**EXERCISE MATERIALS:**
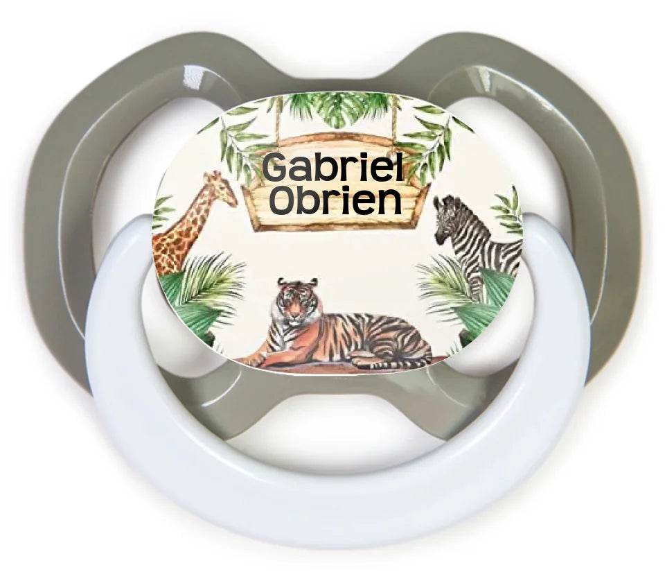 We use a process called UV Ink Jet Printing, where we print directly onto the plastic back of the pacifier, and use a UV light to cure the print. This allows for a highly customizable product, with full color and high quality.
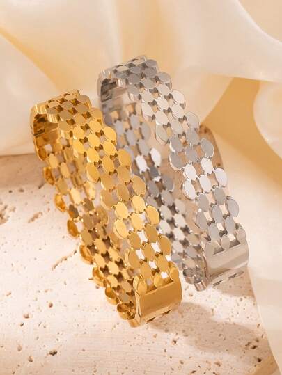 18K Gold Plated Stainless Steel Honeycomb Design Bracelet Stackable Minimalist Jewelry For Daily & Party Sparkling Bangle - Honeycomb Bracelet - View 1
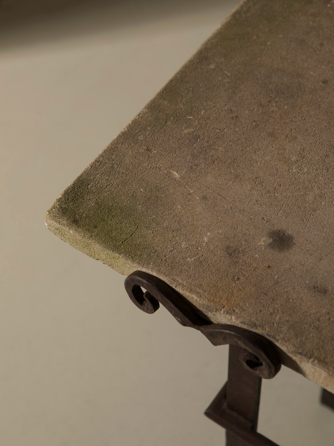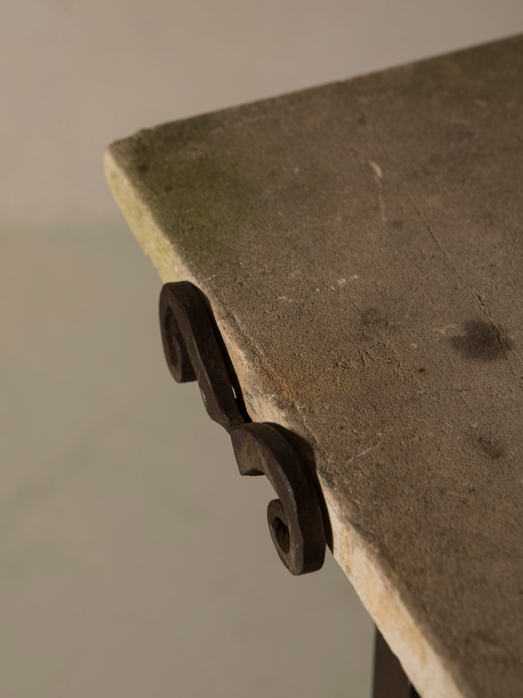 Mesa en piedra de Rogne y base en hierro forjado del siglo XIX.
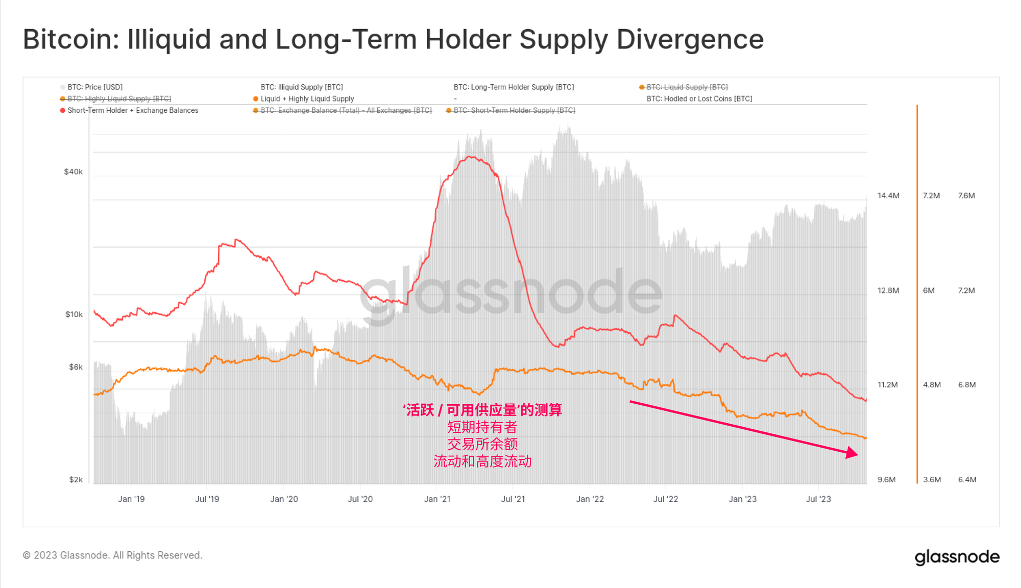 我们已经确定,"可用供应 "的各种衡量标准的普遍趋势是下降。这一趋势已经持续了数年之久,但自2022年6月全市场大规模抛售(LUNA-UST和3AC事件)以来,这一趋势明显加速。
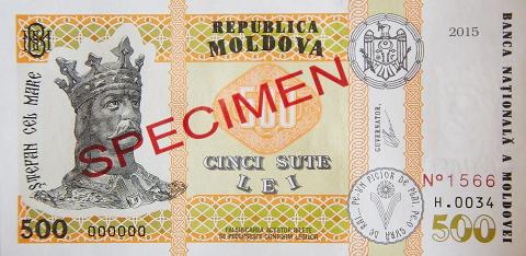 Bancnota modernizată cu valoarea nominală de 500 LEI, specimenul anului 2015, cu semnătura în facsimil a guvernatorului Băncii Naționale - Octavian Armașu.
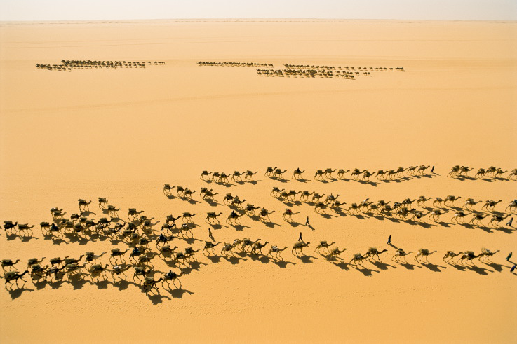 鹽販商隊在尼日境內一望無際的特雷瑟荒漠(Tresert)上交錯而過。Photograph by George Steinmetz
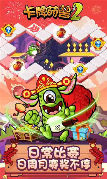卡牌萌兽2是一款跑酷加上卡牌策略类型的游戏。玩家需要通过点击和长按来进行跳跃,在奔跑中收集金币、钻石,躲避障碍与怪物,如果拾取到“酸梅”道具,还可骑乘坐骑,进入无敌状态并击飞敌人。游戏中还有多种类型的卡牌,像宠物卡片能自动追踪攻击敌人,武器卡牌能够释放技能、提供护盾、加速等增益效果,坐骑卡牌能够提供强力骑乘、冲刺、范围攻击等能力。

**WHAT YOU NEED TO DO:** Repeat the lines of the listing above verbatim, beginning at its first line and ending at the line containing "18K Gold Plated", which is included. Omit pictures.

**EXERCISE RESULT:**
 We use a process called UV Ink Jet Printing, where we print directly onto the plastic back of the pacifier, and use a UV light to cure the print. This allows for a highly customizable product, with full color and high quality.
 18K Gold Plated Stainless Steel Honeycomb Design Bracelet Stackable Minimalist Jewelry For Daily & Party Sparkling Bangle - Honeycomb Bracelet - View 1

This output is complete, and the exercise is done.